The Shire stands as a symbol for a rural and peaceful life but their protected way of life is only possible because of the the military might of others and this is explicitly alluded to several times...for example in a conversation between Merry and Pippin (which I just happened to read to my kid yesterday!):
"Still there are things deeper and higher; and not a gaffer could tend his garden in what he calls peace but for them, whether he knows about them or not."
Before the events of The Lord of the Rings, hobbits maintained a tradition of archery and other martial skills, partly due to past conflicts such as the Battle of Greenfields (1). By the time of the Scouring off the Shire, Merry, Pippin, and other veterans of the War of the Ring organized quickly taking up arms. According to the appendices, they managed to eliminate nearly two-thirds of Saruman’s invading force , displaying both tactical coordination and surprising courage. (Treebeard also notes this in The two towers) It’s a powerful reminder that, in Tolkien’s world, even the humblest people are capable of heroism when defending their home.
All I'm saying is that it only takes a small shift of perspective to see how the LoTR will appeal broadly to anyone who believes in good vs evil narratives - whichever side they appear to be on from one's own point of view.
“Gandalf’s the crazy person who wants to start a war… Mordor is this technological civilization based on reason and science.

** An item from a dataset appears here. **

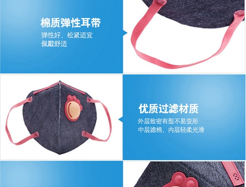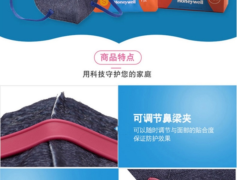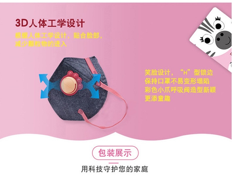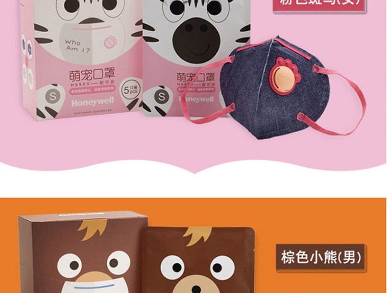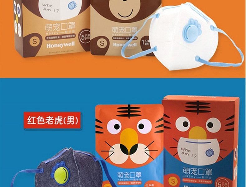 霍尼韋爾D7051SV-B10萌寵男孩防塵口罩可調節鼻梁夾;棉質彈性耳帶;優質過濾材質;高性能呼吸閥;內置海綿鼻墊。

Outside of Mordor, it’s all sort of mystical and environmental and nothing works.” - Thiel 2011 Details
Source: https://bsky.app/profile/takedemocracyback.org/post/3lk4u55a... it's an interview from the September issue of details magazine 2011, has largely been scrubbed from the internet
So in the case of Thiel, he read LOTR and identified with the villains, which is about as large a misreading of Tolkien as one can make
It's not. They always acknowledge that their army will be much too small to defeat Sauron's in a war. They luckily win a battle outside Gondor. They defeat Sauruman only with a deus ex machina moment of supernatural aid. But when they march on Mordor they send only a token force; they know they can't win that way. They can only slow down and distract Sauron.
The way they win is trust in innocence, a thing and a plan that Sauron can't even envision - that's explicitly Gandalf's thinking. Sauron never imagines that a couple of essentially civilian hobbits, the least powerful people, would be given the Ring, and that they'd enter Morder on their own, that they'd have the courage, and that the good guys would actually destroy something of that much power when they could use it.
> it only takes a small shift of perspective to see how the LoTR will appeal broadly to anyone who believes in good vs evil narratives
I agree in a way: People who don't read the book with a little thought can just read a superficial action adventure, good guys fight bad and win. And Peter Jackson's films are 90% the latter.
While they may be wary of others with power, right "libertarians" are often attracted to wielding the power themselves - falling to the same exact "I will do good" fallacy as wielders of the Ring. Truly being disinterested in concentrated power means acknowledging that larger non- "government" entities are capable of coercing individuals (eg informal force or even just economic stickiness), not definitionally ruling it out to remain ignorant of it.